I provide server methods for handling results

from sdwis_drink_water import SdwisTable

# "print_url=True" here will cause subsequent queries to display the requested URL
table_api = SdwisTable(print_url=True)
# fetch first 1000 data from LCR_SAMPLE_RESULT table
result = table_api.get_table_first_n_data_by_table_name(table_name="LCR_SAMPLE_RESULT", n=1000, print_to_console=False)
# get all keys of result data
print(result.get_all_keys())

# get first n data in results
first_one = result.get_first_n_records(1)
first_one.show()

print("find max sample_measure in results")
max_one = result.find_max("sample_measure")
max_one.show()

print("find max sample_measure in results with condition (contaminant_code==PB90)")
max_one_limited_to_pb = result.find_max_with_condition("sample_measure", condition="contaminant_code==PB90")
max_one_limited_to_pb.show()

# export data to a specific file
result.export_data("output.xlsx", format_type="xlsx")
# result.export_data("output.parquet", format_type="parquet")
# result.export_data("output.csv", format_type="csv")
# result.export_data("output.txt", format_type="txt")

Specific Table Handle

You may notice that the most methods of SdwisTable require "table_name" parameter. If you only want to focus on specific TABLE, you can directly use its Class.

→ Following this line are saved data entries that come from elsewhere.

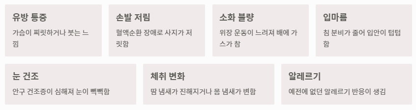 - 감정 기복: 이유 없이 눈물이 나거나 화가 치밀어 오름.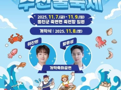 죽변항 수산물축제는 울진군 죽변항 일원에서 11월 7일부터 11월 9일까지 개최되는 지역 대표 축제이다. 울진의 신선한 수산물을 주제로 다양한 체험과 공연, 경매 프로그램이 진행되는 축제이다. 주요 프로그램으로는 맨손 활어잡기, 수산물 해체쇼, 물회 퍼포먼스, 바다공방 체험 등이 있으며, 개막축하공연에는 이찬원과 황윤성이 출연한다. 축제 기간 동안 울진의 바다를 배경으로 한 어선 퍼레이드와 수산물 즉석경매가 진행되어 풍성한 볼거리와 먹거리를 제공한다. 또한 희망울진특별전, 울진군 화합의 거리, 울진바다거리 등 다양한 테마 부스가 운영되어 지역 수산물과 특산품을 한자리에서 만날 수 있다. 본 축제는 지역 어민과 관광객이 함께 어우러지는 화합의 장으로, 울진 수산업의 우수성과 지역경제 활성화를 목표로 하고 있다.
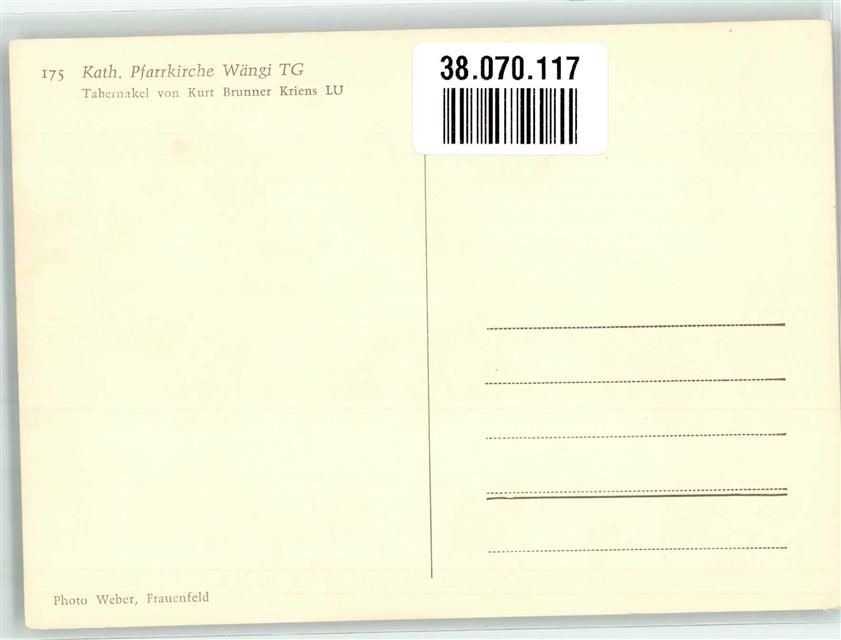9545 Wängi Foto AK Kath. Kirche Tabernakel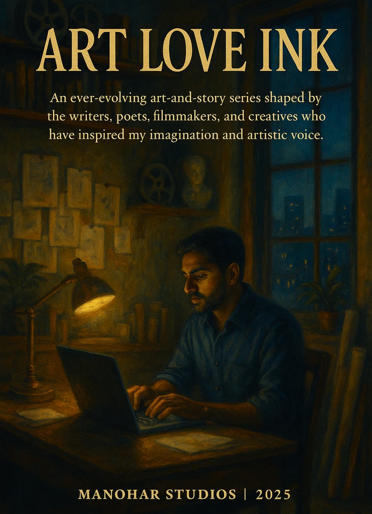 ART LOVE INK is dedicated to Krishna, a little girl in my family. It explores how iconic figures in literature, cinema, and art have shaped my creative vision and artistic themes.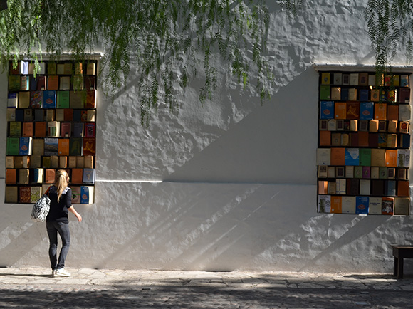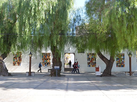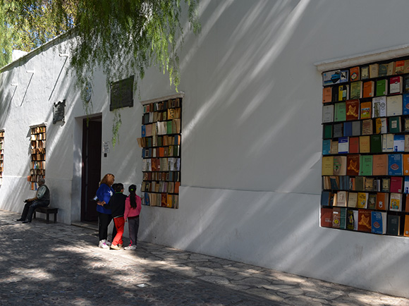 Libros diferentes en formato, tamaño, vejez, origen, color, autor y editorial se instalaron en estas ventanas con la intención de enfatizar estas aberturas del edificio entendiéndolas como espacios intersticiales que conectan el mundo exterior con la intimidad albergada dentro de la Casa Natal de nuestro prócer Sarmiento.

from sdwis_drink_water import LcrSample, LcrSampleResult, Violation, WaterSystem, WaterSystemFacility, GeographicArea

WaterSystem

from sdwis_drink_water import WaterSystem
water_system_api = WaterSystem(print_url=True)
# fetch first data from Water_System table
water_system_api.get_table_first_data()

# fetch first n data from Water_System table
water_system_api.get_table_first_n_data(n=2, print_to_console=True)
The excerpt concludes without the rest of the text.